As explained in Dow Chemical, 1974 PA 104 was designed to close the loophole created .by Great Lakes Steel, supra, by requiring striking workers to obtain "bona fide” interim employment in order to become qualified to receive unemployment compensation. See 431 Mich 481. Reduced to its simplest form, claimants’ position is that the Legislature, in establishing the two-pronged test as part of § 29(8), intended to adopt a definition of "bona fide” interim employment that does not include "bona fides” as an element. We reject any such suggestion. 1974 PA 104 was enacted by the Legislature to restore the viability of the labor dispute disqualification, Dow Chemical, supra, p 480, not to codify a device for circumventing it.
We interpret the requalification provisions of §29(8) as authorizing, termination of the labor dispute disqualification only when a striking worker has obtained good-faith interim employment with an employer for at least two consecutive weeks and at a wage at least equal to the worker’s weekly benefit rate.
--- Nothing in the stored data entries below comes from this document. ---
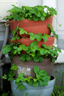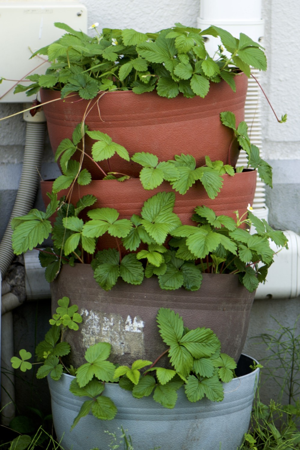 そこで、昨年は菜園の片隅にワイルドストロベリータワーなるものを2つ作った。
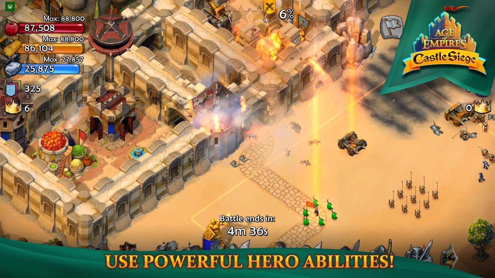 Age of Empires: Castle Siege es un gran juego de estrategia para Windows Phone donde te encontrarás en la Edad Media, y lucharás por tu Reino. Elige una de varias civilizaciones por las que luchar, tal vez los británicos, el estado teutónico y la Rus de Kiev. Fortifica tu castillo, construye un enorme ejército, atrayendo a tu lado a personajes tan famosos como Saladino, Ricardo Corazón de León y Juana de Arco. Tan pronto como reúnas un gran ejército y lo equipes con armas, ataca a un estado vecino, aplasta sus defensas y reclama sus tierras para ti.
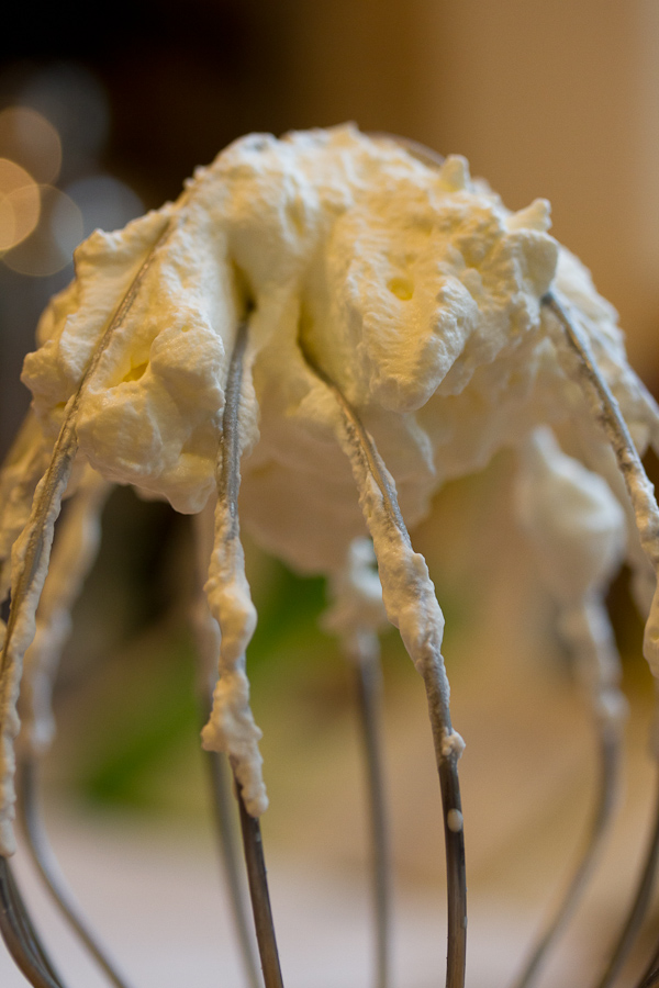 Put the cream in a stainless steel bowl and put the bowl in the freezer for 5 minutes to get everything really cold. Whip the cream until it holds stiff peaks.
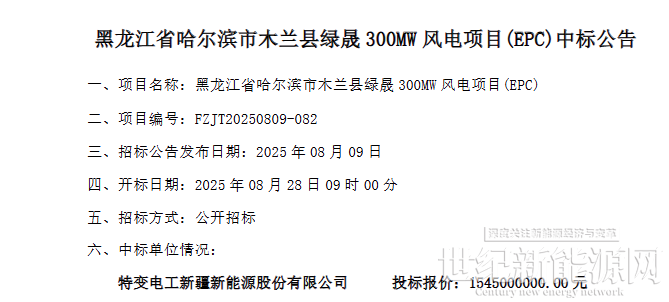 近日,黑龙江省哈尔滨市木兰县绿晟300MW风电项目EPC中标公示。
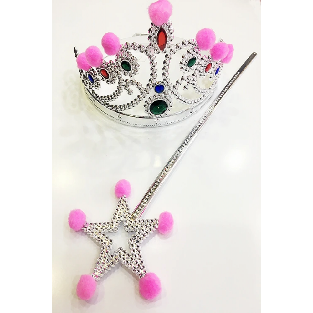 Pembe Ponponlu Gümüş Renk Prenses Tacı Ve Gümüş Renk Prenses Asası CSM-1723
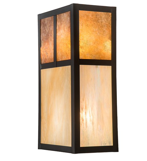 Handcrafted from Solid Brass, this Craftsman Signature fixture is inspired by the Arts and Crafts movement. The striking Mission straight line design is featured in Beige Iridescent art glass with Amber Mica accents and enhanced with a frame and hardware finished in a handsome Craftsman Brown. Handcrafted by highly skilled artisans in our 180,000 square foot manufacturing facility in Upstate NY. Custom sizes, styles, colors and dimmable energy efficient lamping options are available. The 6.5-inch wide wall fixture is UL and cUL listed for dry and damp locations.
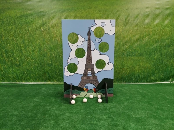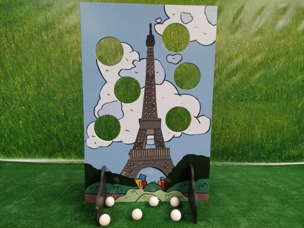 Eiffeltoren Ballen Gooien, Probeer zo veel mogelijk ballen door de gaten in het spelbord te gooien.
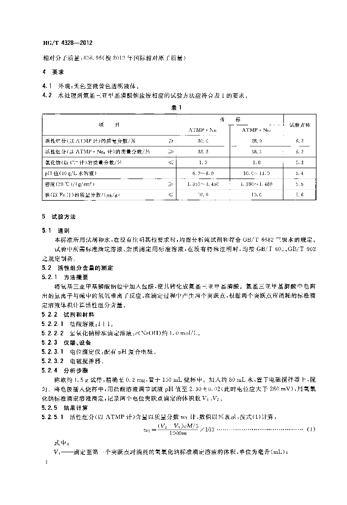 HG/T 4328-2012 水处理剂 氨基三亚甲基膦酸钠盐
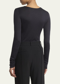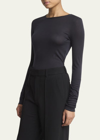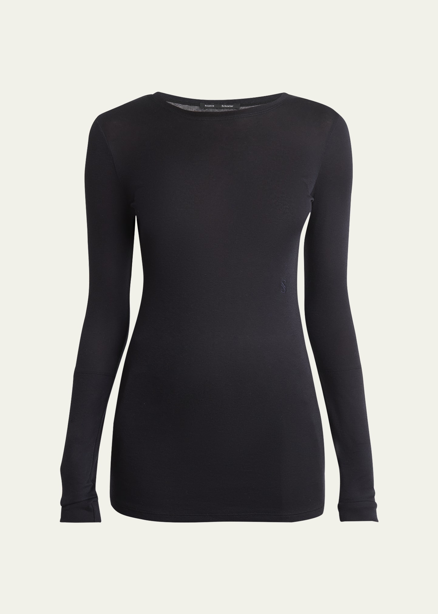 The Kaiya Top in Sheer Slub Jersey features a long sleeve silhouette with shoulder patch detailing. Finished in the front with a tonal embroidered monogram. Details • Midnight • Sheer fabrication • Lightweight • Crew neck • Long sleeve • Shoulder patch • Small embroidered monogram • 80% tencel, 16% polyamide, 4% polyurethane • SKU: R2444006JY110401 Size & Fit • Model is 5'10'' with 31.5'' bust / 34'' hips. Wearing size Small Care • 80% tencel, 16% polyamide, 4% polyurethane • Dry clean only

We therefore reverse the decisions of the board of review and the circuit *126court finding claimant employees requalified to receive unemployment compensation benefits.1
Reversed.
R. L. Olzark, J., concurred._We assume the Michigan Employment Security Commission, in appropriate cases, will hereafter consider questions of good faith and continuity of subsequent, employment as part of its administrative determination of requalification.
It should be noted that whether the jobs in question were merely "make work” was disputed. Whether they were merely "make work,” however, does not alter my analysis of this issue.